In this passage the teaching we call the Great Commandment is reinforced in the words Jesus says to his disciples, “Love one another as I have loved you.” What does this mean? In the original Greek language of the New Testament, there are actually three distinctive words that we translate with our one word love. Eros, the cognate for our word erotic, means to feel deep passion. Philia, which means friendship, as it is used in the name Philadelphia, the city of brotherly love. The word used in the passage we just heard for love is agape. Last week we heard that agape reflects having a strong commitment toward another. It also expresses a character trait we are to possess as Christians. Agape means to have a genuine respect for other human beings. It is to have a sense of honoring all who are children of God. There is no human being on earth outside our call to live in agape.

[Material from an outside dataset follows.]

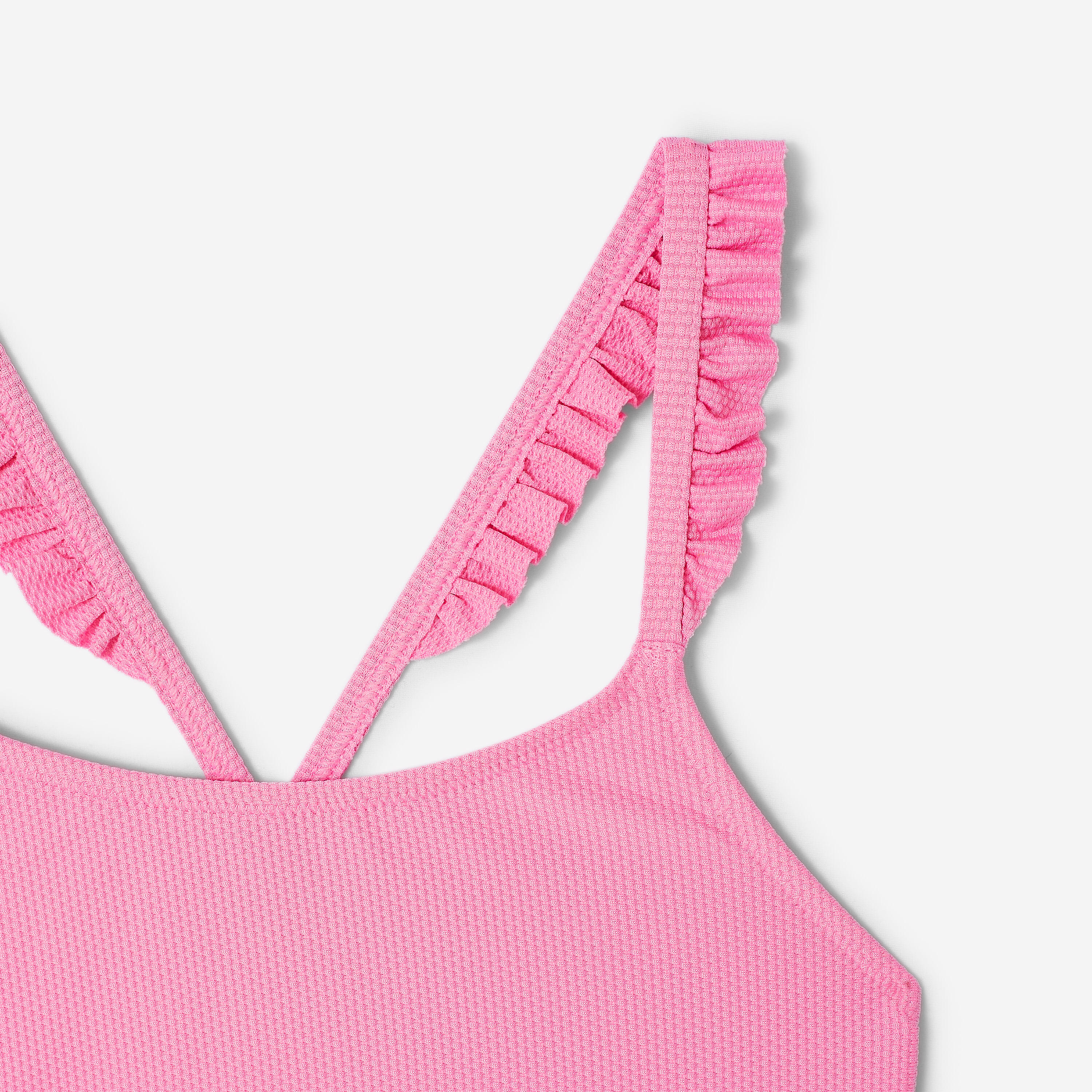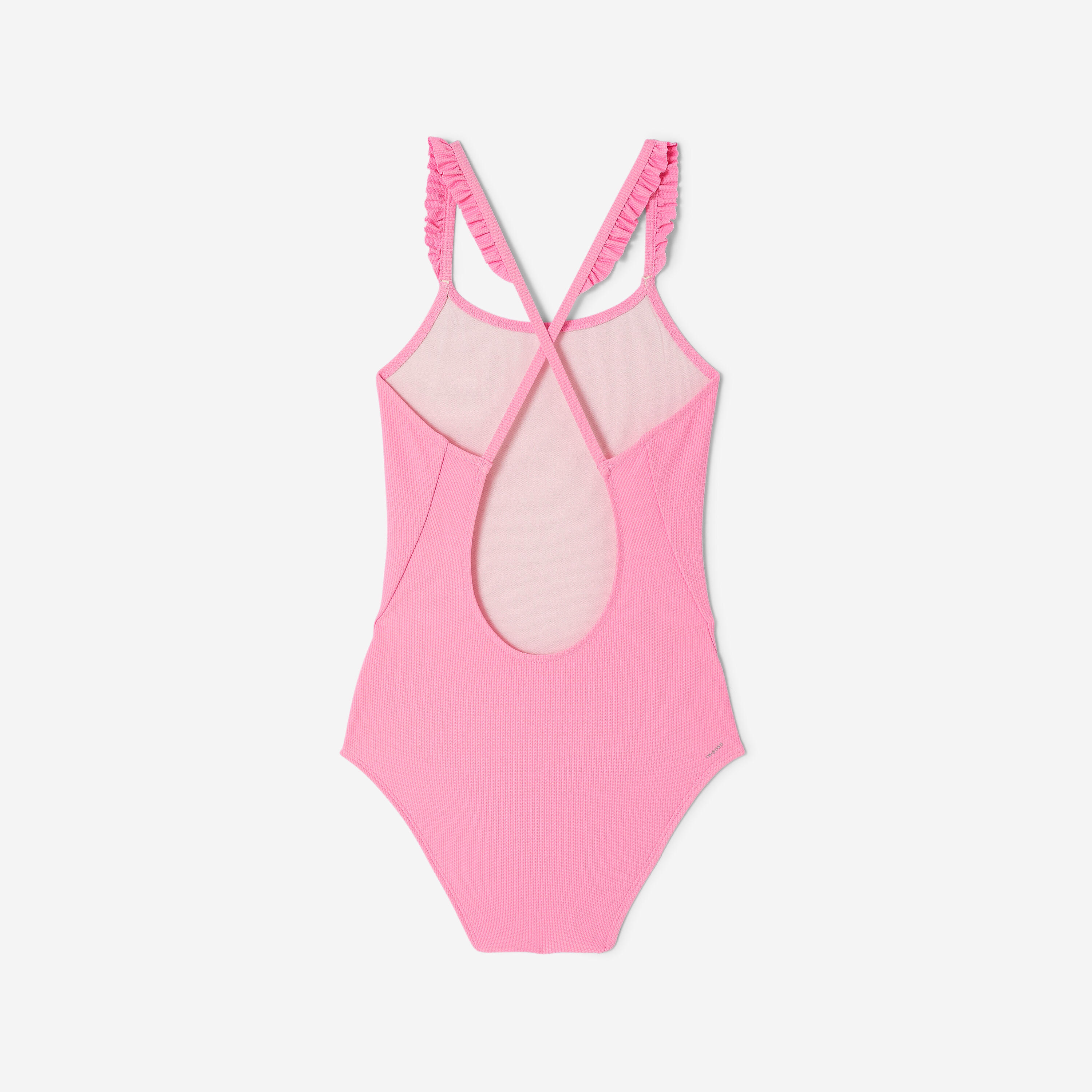Εγγυημένη ελευθερία κινήσεων με αυτό το μαγιό με τις λεπτές χιαστί τιράντες & την ανοιχτή πλάτη.Οι λεπτομέρειες που κάνουν τη διαφορά:το φανταχτερό του χρώμα, η ανάγλυφη υφή του & τα υπέροχα βολάν!

So how do we do this? Jesus says, “I have loved you as the Father has loved me. Love as I have loved you.” How do we love as Jesus loved us? We see in part this understanding of love in the passage from Luke.

Read Luke 2:39-40

The words, “be merciful” can also be translated “be compassionate.” The life of compassion has its foundation in the understanding that we seek to be in relationship with another by trying to understand life from their perspective. Please hear that. Compassion means to understand life from another’s perspective. How do we do this? The only way we can, is to be willing to walk with them on their journey of life. We are all companions and pilgrims together on the road of life.

SERMON:
We have all been called to be disciples of Jesus Christ. But what does that mean? We need to understand what a disciple is before we can understand what we are being asked to do and how we are being asked to live. A disciple, in part scripturally, is one who is both a student and a teacher at the same time. We are continuously seeking to deepen our understanding of God and our relationship with God, while still being a model of the faith to the world. It is why we say that our life as a Christian is a journey. I love the way Dr Leo Buscaglia said it, “Why do I learn? Why do I grow? Because then I have more to give away, I have more to share.” I have more to teach and model for others.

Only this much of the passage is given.